Keeping on, despite the warning message, which I did not quite 
understand, when I type:

 > summary(fit_mod)

I get

Call:
lm(formula = y ~ x, weigths = 1/error^2)

Residuals:
          1          2          3          4
-5.067e-17  8.445e-17 -1.689e-17 -1.689e-17

Coefficients:
              Estimate Std. Error   t value Pr(>|t|)
(Intercept) 0.000e+00  8.776e-17 0.000e+00        1
x           2.000e+00  3.205e-17 6.241e+16   <2e-16 ***
---
Signif. codes:  0 ?***? 0.001 ?**? 0.01 ?*? 0.05 ?.? 0.1 ? ? 1

Residual standard error: 7.166e-17 on 2 degrees of freedom
Multiple R-squared:     1,      Adjusted R-squared:     1
F-statistic: 3.895e+33 on 1 and 2 DF,  p-value: < 2.2e-16


Naively, should not the column Std. Error be different from zero?? What 
I have in mind, and sure is not what Std. Error means, is that if I 
carried out a large simulation, assuming each response y_i a Gaussian 
random variable with mean y_i and standard deviation 2*error=0.6, and 
then making an ordinary least squares fitting of the slope and 
intercept, I would end up with a mean for these simulated coefficients 
which should be 2 and 0, respectively, and, that's the point, a 
non-vanishing standard deviation for these fitted coefficients, right?? 
This somehow is what I expected should be an estimate or, at least, a 
good indicator, of the degree of uncertainty which I should assign to 
the fitted coefficients; it seems to me these deviations, thus 
calculated as a result of the simulation, will certainly not be zero (or 
  3e-17, for that matter). So this Std. Error does not provide what I, 
naively, think should be given as a measure of the uncertainties or 
errors in the fitted coefficients...

What am I not getting right??

Thanks and sorry for the naive and non-expert question!
#
On Nov 11, 2009, at 7:45 PM, Mauricio Calvao wrote:

            
Which means those x, y, and "error" figures did not come from an  
experiment, but rather from theory???
(Actually the weights are for adjusting for sampling, and I do not  
see any sampling in your "design".)
Well, not precisely 2 and 0, but rather something very close ... i.e,  
within "experimental error". Please note that numbers in the range of  
10e-17 are effectively zero from a numerical analysis perspective.
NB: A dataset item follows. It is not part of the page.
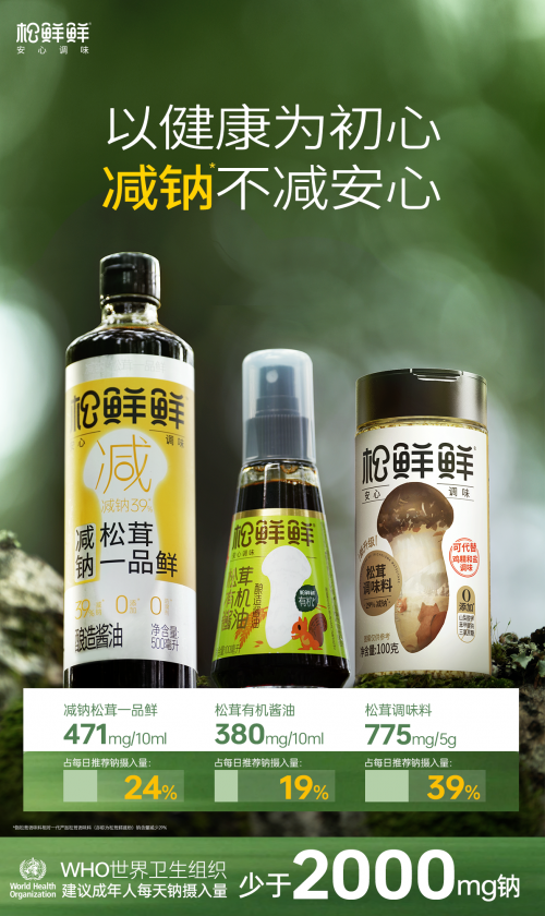 为了让家庭“掌勺人”不再纠结于“家人爱吃”与“吃得健康”的两难选择,作为应用这一减钠原料的健康调味品代表,松鲜鲜率先使用国内知名企业研发的减钠食品原料玉米酱粉,通过科学复配创新,将玉米酱粉与松茸、多种天然菌菇等食材搭配,丰富风味层次,打造出松茸调味料,一瓶代替“盐、鸡精/味精”调味模式,使健康调味变得简单可行。
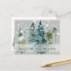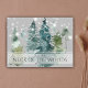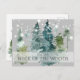 Este design apresenta árvores de aquarela, luzes de cordas e tipografia personalizada.

http://cran.r-project.org/doc/FAQ/R-FAQ.html#Why-doesn_0027t-R-think-these-numbers-are-equal_003f

 > .Machine$double.eps ^ 0.5
[1] 1.490116e-08
You are trying to impose an error structure on a data situation that  
you constructed artificially to be perfect.
That if you input "perfection" into R's linear regression program, you  
get appropriate warnings?
You are a Professor of physics, right? You do experiments, right? You  
replicate them.  S0 perhaps I'm the one who should be puzzled.
1 day later
#
On Wed, 11 Nov 2009, David Winsemius wrote:

            
No, the weights are not for adjusting for sampling.  You will get the wrong standard errors if you put sampling weights into the  `weights` argument.

  The warning is saying that he had misspelt 'weights' as 'weigths' (and so the code he posted wasn' t the same as the code he ran).


      -thomas

Thomas Lumley			Assoc. Professor, Biostatistics
tlumley at u.washington.edu	University of Washington, Seattle
#
David Winsemius <dwinsemius <at> comcast.net> writes:
The fact is I am trying to compare the results of:
(1) lm under R and 
(2) the Java applet at http://omnis.if.ufrj.br/~carlos/applets/reta/reta.html 
(3) the Fit method of the ROOT system used by CERN,
(4) the Numerical Recipes functions for weighted linear regression

The three last ones all provide, for the "fake" data set I furnished in my first
post in this thread, the same results; particularly they give erros or
uncertainties in the estimated coefficients of intercept and slope which, as
seems intuitive, are not zero at all, but of the order 0.1 or 0.2, whereas the
method lm under R issues a "Std. Error", which is zero. Independently of
terminology, which sure is of utmost importance, the data I provided should give
rise to a best fit straight line with intercept zero and slope 2, but also with
non-vanishing errors associated with them. How do I get this from lm????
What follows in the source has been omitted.